Measurements of 15NH3/15NH4+ with 1H-15N HSQC
Eighty oocytes were incubated with 15NH3/15NH4+ for 30 min, followed by extensive washing with 15N-free/NH3/NH4+-free buffer. The washed oocytes were cooled on ice and homogenized, yielding ~0.4 ml of supernatant after centrifugation. The medium was then acidified with 50 μl of 2.5 M HCl, 50 μl of D2O was added for field-frequency lock, and samples were loaded into 5-mm NMR tubes. NMR spectra were obtained at 5°C to minimize the exchange of hydrogen atoms between ammonia and water. NMR experiments were performed at 11.7 T using a high-resolution Bruker Avance NMR spectrometer operating at 500.13 MHz (1H) and 50.683 MHz (15N). Measurements of total 15NH3/15NH4+ concentrations in oocytes were determined with the Heteronuclear (1H-15N) Single Quantum Coherence (HSQC) NMR spectroscopy technique (Grzesiek and Bax 1993; Kanamori et al. 1995). HSQC is well suited for detection of nuclei (e.g., 15N) with a low gyromagnetic ratio (γ). Because γ for 15N is ~10 times lower than for 1H, the sensitivity for ammonia-nitrogen detection is enhanced by a factor of (γH/γN)5/2 ≈ 306. Water suppression was achieved using the Water Suppression by Gradient-Tailored Excitation (WATERGATE) technique (Piotto et al. 1992). 15N decoupling was obtained using Waltz16 (Shaka et al. 1983). Free-induction decays were acquired with a spectral width of 6009 Hz, 8192 data points, interscan interval of 10 s, and 128 scans. All spectra were zero filled to 65,536 points. The total ammonium (NH3 + NH4+) concentrations in oocytes were determined by comparing the integrated intensities of the ammonia 1H resonance to the incubation medium containing 0.5 mM 15NH3/15NH4+, using the same pulse acquisition conditions, and assuming that oocytes are spheres of 1.2-mm diameter and contain 40% water by weight. 1H-15N HSQC spectra of oocytes and their incubation medium were acquired in a paired manner.
Statistics
We present data as mean ± SE. To compare the difference between two means, we performed a Student’s t-test (two tails). To compare more than two means, we performed a one-way ANOVA and a Student-Newman-Keuls (SNK) multiple comparison, using KaleidaGraph (Version 4; Synergy Software). We considered p < 0.05 to be significant.
Results
Figure 1 summarizes how the influx of NH3 would affect pHS. As NH3 enters the cell, [NH3] near the external surface of the membrane—[NH3]S—falls. The replenishment of the lost NH3 near membrane surface occurs by two routes. First, NH3 diffuses from the bulk extracellular fluid to approach the membrane, an effect that we cannot detect. Second, NH4+ near the membrane dissociates to form both NH3 as well as the H+ that we detect as a fall in pHS. As the concentration of NH3 inside the cell ([NH3]i) rises, the influx of NH3 slows, and pHS relaxes toward the pH of the bulk extracellular fluid (pHBulk). In Fig. 1, we assume that only NH3 enters the cell. If only NH4+ enters, the reverse set of events would occur and pHS would rise. In the Discussion, we consider the situation in which both NH3 and NH4+ enter.

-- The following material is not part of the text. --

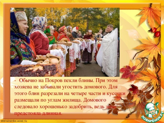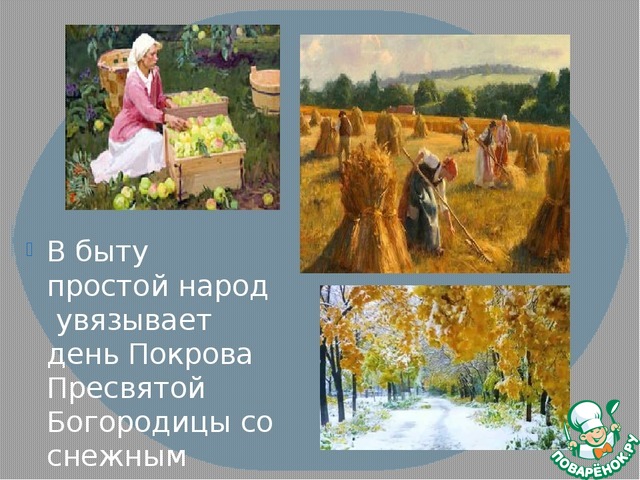 В народе Покров день знаменуется завершением полевых работ, выпасом скота. Жители деревень готовятся к холодам.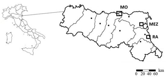 The selected study areas were located in the eastern Padania Plain, and specifically in Modena (MO sites), Ferrara (MEZ sites) and Ravenna (RA sites) provinces of Emilia Romagna region, Italy (Figure 1). These sites were selected for their high representativeness of the Padania Plain of Emilia Romagna region, which is characterized by lands addressed for industrial crops.

We explored the model in Fig. 1 by exposing oocytes to 5 or 0.5 mM NH3/NH4+. Figures 2 and 3 show representative experiments at these two levels of NH3/NH4+, and Fig. 4 summarizes the mean values for these experiments.
Effects of 5 mM NH3/NH4+
Figure 2 shows the results of representative experiments on oocytes exposed to a relatively high level of NH3/NH4+, 5 mM.
H2O-Injected Control oocyte
Figure 2a refers to a control, H2O-injected oocyte. Here— as previously reported by others for 20 mM NH3/NH4+ (Burckhardt and Frömter 1992; Keicher and Meech 1994)—the addition of 5 mM NH3/NH4+ to the extracellular fluid causes a moderately slow but sustained fall in pHi. Simultaneously, pHS abruptly falls by ~0.2 and then slowly decays (i.e., rises toward pHBulk). The initial fall in pHS indicates that the influx of NH3 (as opposed to NH4+) is dominant with respect to effects on pHS. Note that, at a time when pHi has reached a stable value, pHS is still substantially lower than pHBulk, indicating that NH3 is still entering the cell. Applying 5 mM NH3/NH4+ also causes a very slowly developing depolarization that reaches a peak after nearly 15 min—not the instantaneous depolarization expected of a pre-existing NH4+ channel—that slowly decays by nearly 9 mV.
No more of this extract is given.